Real-time Monitoring

Log Streaming

      import asyncio
import websockets
import json

class LogStreamer:
    def __init__(self, job_id: str, log_file: str):
        self.job_id = job_id
        self.log_file = log_file
        self.clients = set()
    
    async def register_client(self, websocket):
        """Register client for log streaming."""
        self.clients.add(websocket)
        try:
            await websocket.wait_closed()
        finally:
            self.clients.remove(websocket)
    
    async def stream_logs(self):
        """Stream log file updates to clients."""
        try:
            with open(self.log_file, 'r') as f:
                # Send existing content
                content = f.read()
                if content:
                    await self.broadcast_log(content)
                
                # Monitor for new content
                while True:
                    new_content = f.read()
                    if new_content:
                        await self.broadcast_log(new_content)
                    await asyncio.sleep(1)
                    
        except FileNotFoundError:
            await self.broadcast_log(f"Log file not found: {self.log_file}")
    
    async def broadcast_log(self, content: str):
        """Broadcast log content to all clients."""
        if self.clients:
            message = json.dumps({
                'job_id': self.job_id,
                'type': 'log',
                'content': content
            })
            
            disconnected = set()
            for client in self.clients:
                try:
                    await client.send(message)
                except websockets.exceptions.ConnectionClosed:
                    disconnected.add(client)
            
            # Remove disconnected clients
            self.clients -= disconnected

Progress Tracking

      class ProgressTracker:
    def __init__(self, job_id: str):
        self.job_id = job_id
        self.progress = 0.0
        self.stage = "Initializing"
        self.details = {}
    
    def update_progress(self, progress: float, stage: str, details: Dict = None):
        """Update job progress."""
        self.progress = min(100.0, max(0.0, progress))
        self.stage = stage
        if details:
            self.details.update(details)
        
        # Broadcast update
        self._broadcast_progress()
    
    def _broadcast_progress(self):
        """Broadcast progress to monitoring systems."""
        progress_data = {
            'job_id': self.job_id,
            'progress': self.progress,
            'stage': self.stage,
            'details': self.details,
            'timestamp': time.time()
        }
        
        # Send to websocket clients, file system, etc.
        self._save_progress(progress_data)
    
    def _save_progress(self, data: Dict):
        """Save progress to file for persistence."""
        progress_file = f"logs/{self.job_id}_progress.json"
        with open(progress_file, 'w') as f:
            json.dump(data, f, indent=2)

Methods

`register() -> str`

Returns the function identifier for registration.
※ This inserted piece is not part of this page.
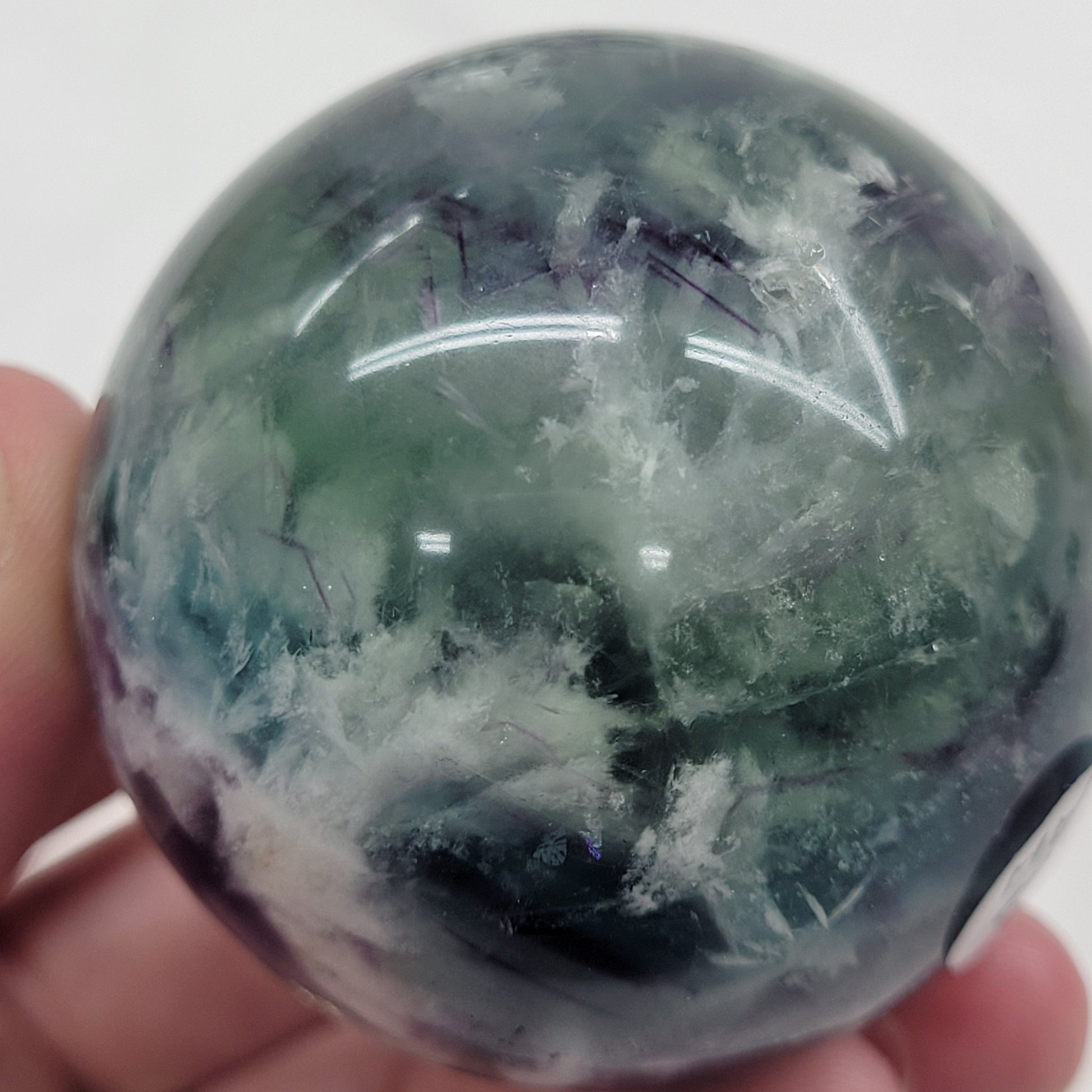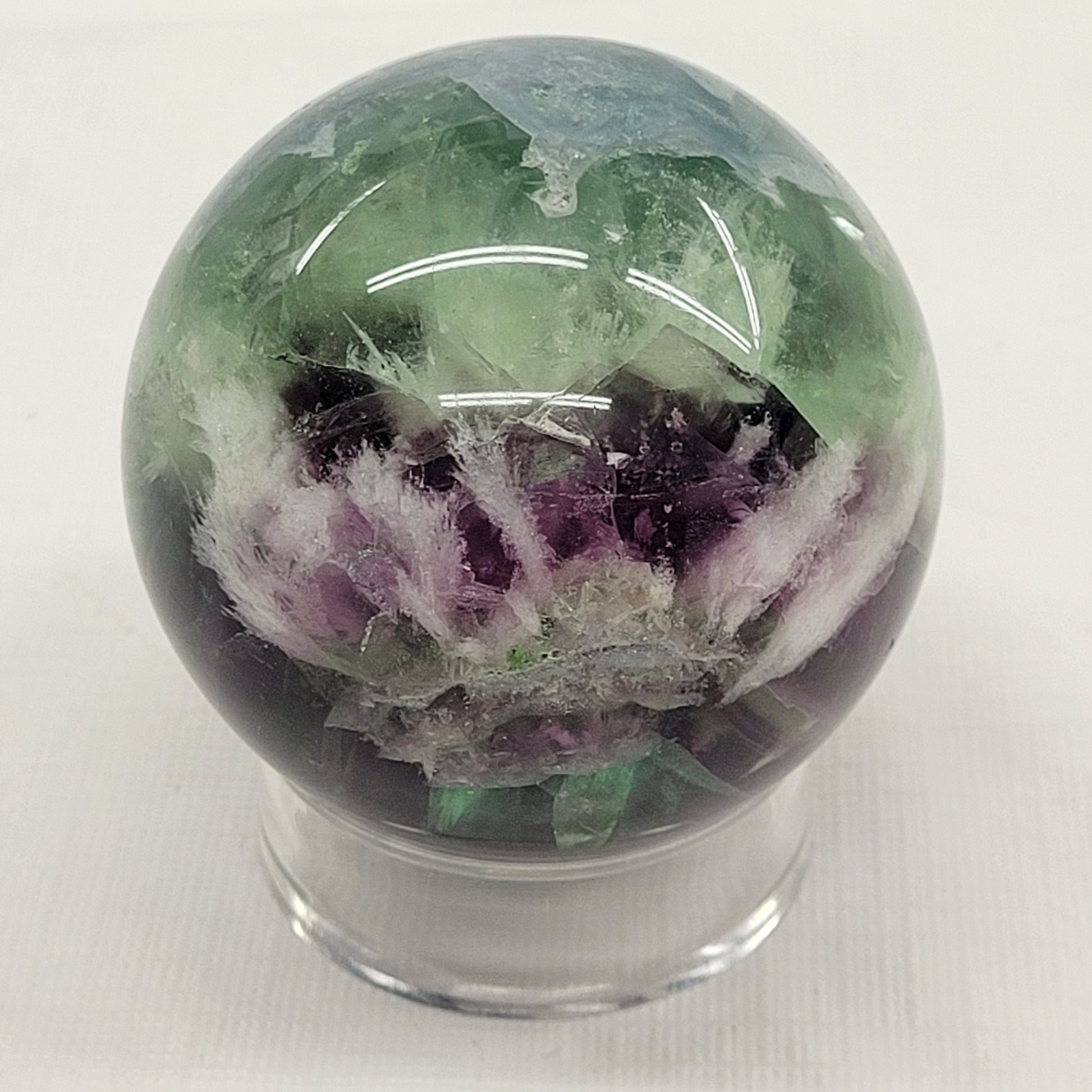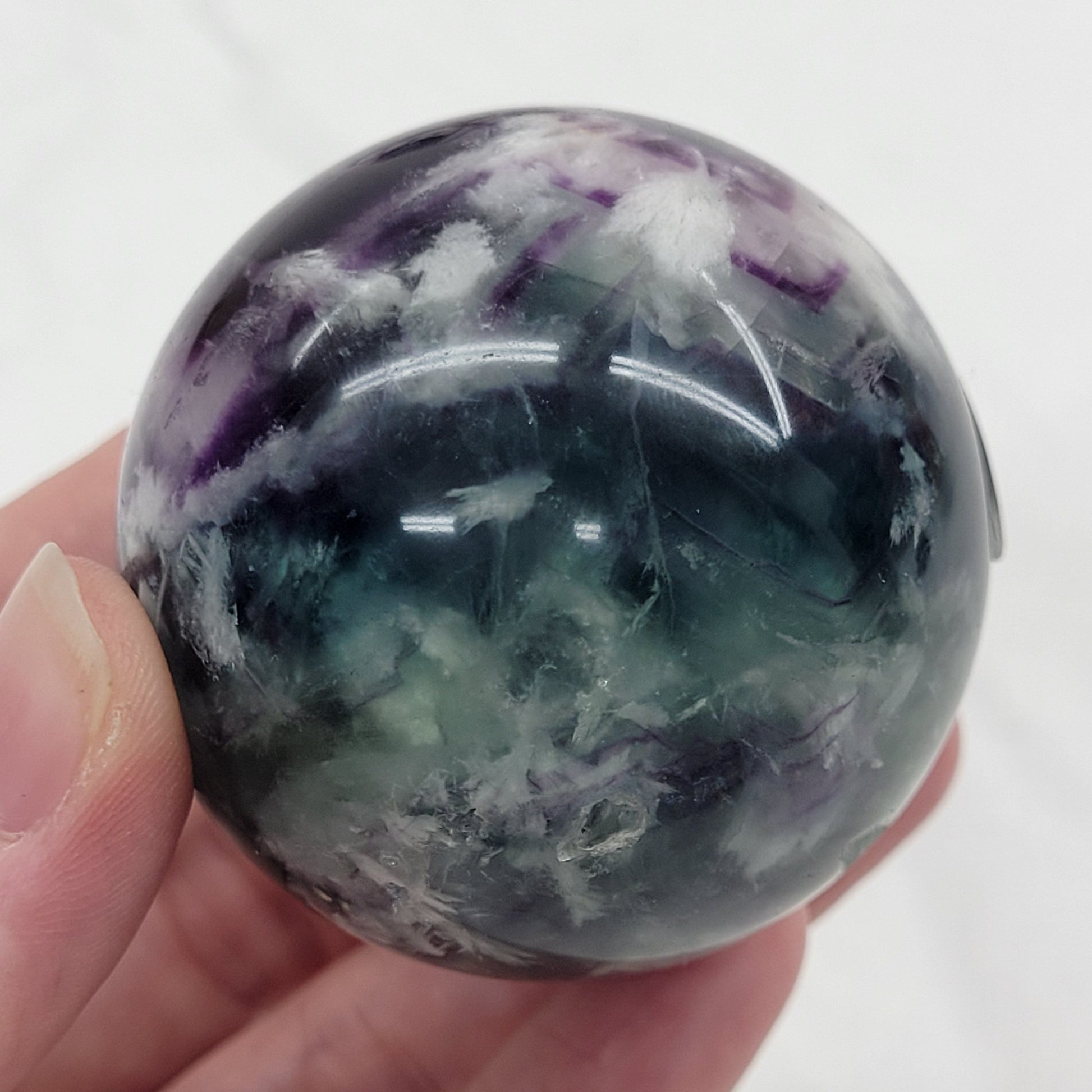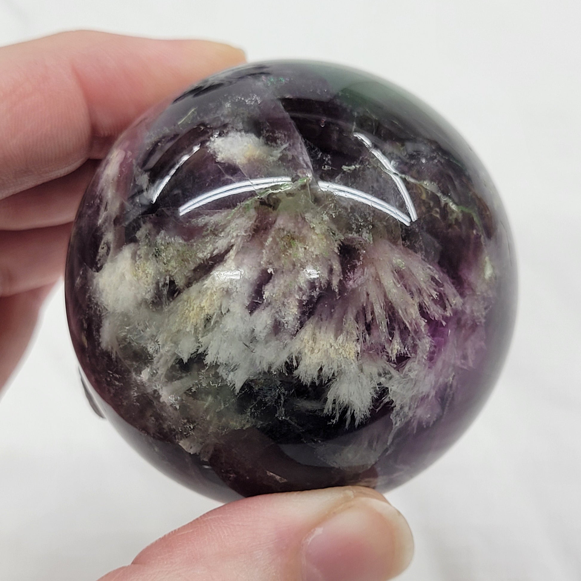 Feather Fluorite is a variety of Fluorite, forms in a wide variety of hues, typically purple, green, yellow, blue, and pure form – colorless. It is composed of calcium fluoride and is a member of the Halide family. Feather Fluorite is named for its Scolecite formations, which resemble delicate feathers or plumes.

`call(project: Project) -> Project`

Main execution method that displays job management interface.

Parameters:

project: The Celline project instance

Returns: Updated project instance

Current behavior: Prints placeholder message

Future Enhancements

Planned Features

Job Queue Management: Submit, monitor, and manage job queues
Resource Monitoring: Track CPU, memory, and storage usage
Cluster Integration: Full PBS/SLURM support
Job Dependencies: Define job execution dependencies
Automatic Retries: Retry failed jobs with backoff
Job Notifications: Email/webhook notifications for job completion
Performance Analytics: Job performance analysis and optimization

Enhanced CLI Interface

      # Job management commands
celline job list                    # List all jobs
celline job status JOB_ID          # Check specific job status
celline job logs JOB_ID            # View job logs
celline job cancel JOB_ID          # Cancel running job
celline job retry JOB_ID           # Retry failed job
celline job submit SCRIPT          # Submit custom job
celline job queue                  # Show job queue status
celline job history                # Show job history

Web Interface Integration

      // Job management API for web interface
interface JobAPI {
  listJobs(status?: JobStatus): Promise<JobInfo[]>
  getJob(jobId: string): Promise<JobInfo>
  cancelJob(jobId: string): Promise<boolean>
  retryJob(jobId: string): Promise<string>
  streamLogs(jobId: string): WebSocket
  getProgress(jobId: string): Promise<ProgressInfo>
}

Interactive - Web interface for visual job monitoring
Info - Display project and job information
Bash - Execute custom commands as jobs
All analysis functions - Generate and manage computational jobs

Troubleshooting

Common Issues

Job Tracking: Jobs not appearing in monitoring system
Log Access: Cannot read job log files
Status Updates: Job status not updating correctly
Resource Limits: Jobs failing due to resource constraints
Cluster Connectivity: Cannot connect to cluster scheduler

Debug Mode

Enable detailed job debugging:

      import logging

# Enable job debugging
logging.basicConfig(level=logging.DEBUG)
job_logger = logging.getLogger('celline.job')
job_logger.setLevel(logging.DEBUG)

Manual Job Management

For troubleshooting, manage jobs manually:

      # Check cluster jobs directly
qstat -u $USER        # PBS
squeue -u $USER       # SLURM

# Monitor system resources
htop
iostat 1
df -h

# Check log files
tail -f logs/*.log
grep -i error logs/*.log